Our mobile applications receive support and updates until the discontinuation of the product. However, it is important to note that Fermax is only responsible for the app developed by our teams, and not for the operating system of the mobile devices on which our apps run. It is the user's responsibility to keep the operating system of their mobile device updated.

You can consult our Compatibility and Support Policy for Android / iOS Operating System Versions through the following link:

https://soporte.fermax.com/portal/en/kb/articles/minimum-android-and-ios-versions-supported-for-our-apps .

 

Public Disclosure

Fermax will publicly disclose the vulnerability once we have developed and applied remedies for them, and as long as it does not compromise the security of our users. To demonstrate maximum transparency, each vulnerability report includes a precise Common Vulnerabilities and Exposures (CVE) code, where applicable, including the Common Weakness Enumeration (CWE) and the Common Platform Enumeration (CPE). Additionally, we commit to releasing a CVE as soon as possible for all critical or high-impact vulnerabilities (whether discovered internally or by a third party).
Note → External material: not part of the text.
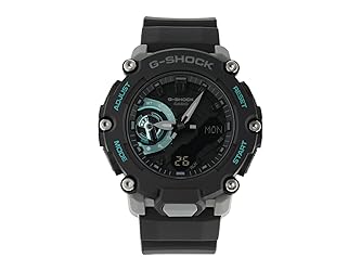 Resistente y delgado, el nuevo reloj deportivo G-Shock® GA2200M-1A tiene una estructura de protección de núcleo de carbono que lo convierte en una herramienta para exteriores de gran apariencia. Presentado en un bisel y banda de resina negra con acentos metálicos y esfera de dos capas. La caja delgada de 12,8 mm del GA2200 está creada usando una nueva estructura que integra el bisel, la tapa trasera y los botones en una sola pieza. Los seis tornillos prominentes que aseguran el bisel crean un aspecto resistente de G-SHOCK.Los botones laterales agrandados proporcionan un mayor grado de resistencia al impacto, eliminando la necesidad de protectores de botones. Esto crea un diseño simple y hace que los botones sean más fáciles de operar. Una banda de tipo palanca de deslizamiento hace que el reemplazo de la banda sea más rápido y sencillo.El indicador de disco en la cara y las partes semicirculares a su alrededor están coloreados usando un proceso de deposición de vapor para una sensación metálica más realista. Cada una de estas partes está separada de la esfera para un efecto tridimensional. Una pantalla digital diagonal en la parte inferior derecha de la cara crea un aspecto único. Correa de resina, cristal mineral, reloj resistente a golpes con cierre de hebilla ajustable.Caja de almacenamiento incluida.Importado.Medidas: Altura de la caja: 48 mm Ancho de la caja: 48 mm Profundidad de la caja: 13 mm Ancho de la banda: 21 mm Longitud/circunferencia de la banda: 9 pulgadas Peso: 2 oz

Public disclosure will be carried out in a coordinated and responsible manner, following the best practices of vulnerability disclosure and being published at https://www.fermax.com/security-advisories.

 

Data Protection

In accordance with Regulation (EU) 2016/679, of 27 April 2016, on the protection of natural persons with regard to the processing of personal data and on the free movement of such data (General Data Protection Regulation or ‘GDPR’) and the Spanish Data Protection Legislation (‘LOPDGDD’), we inform that the personal data provided to communicate a vulnerability will be processed by FERMAX ELECTRÓNICA, S.A.U. (‘FERMAX’) as Data Controller, in order to notify you about the resolution of the incident communicated to us.

The legal basis for the processing of the data is established in article 6.1.a) of the GDPR (consent), which is granted when communicating vulnerability.

We also inform you that the personal data provided will not be disclosed to third parties and will only be retained until the vulnerability has been resolved. As the owner of said data, you may exercise your rights of access, rectification, deletion, limitation and opposition to the processing and portability of your data by sending an e-mail to privacidad@fermax.com.

You can find more information about your rights regarding personal data protection within the Spanish Data Protection Agency through the website https://www.aepd.es.

 

Review and Update

This policy is periodically reviewed and updated by the information security team to ensure its effectiveness and relevance. We also reserve the right to update it without prior notice.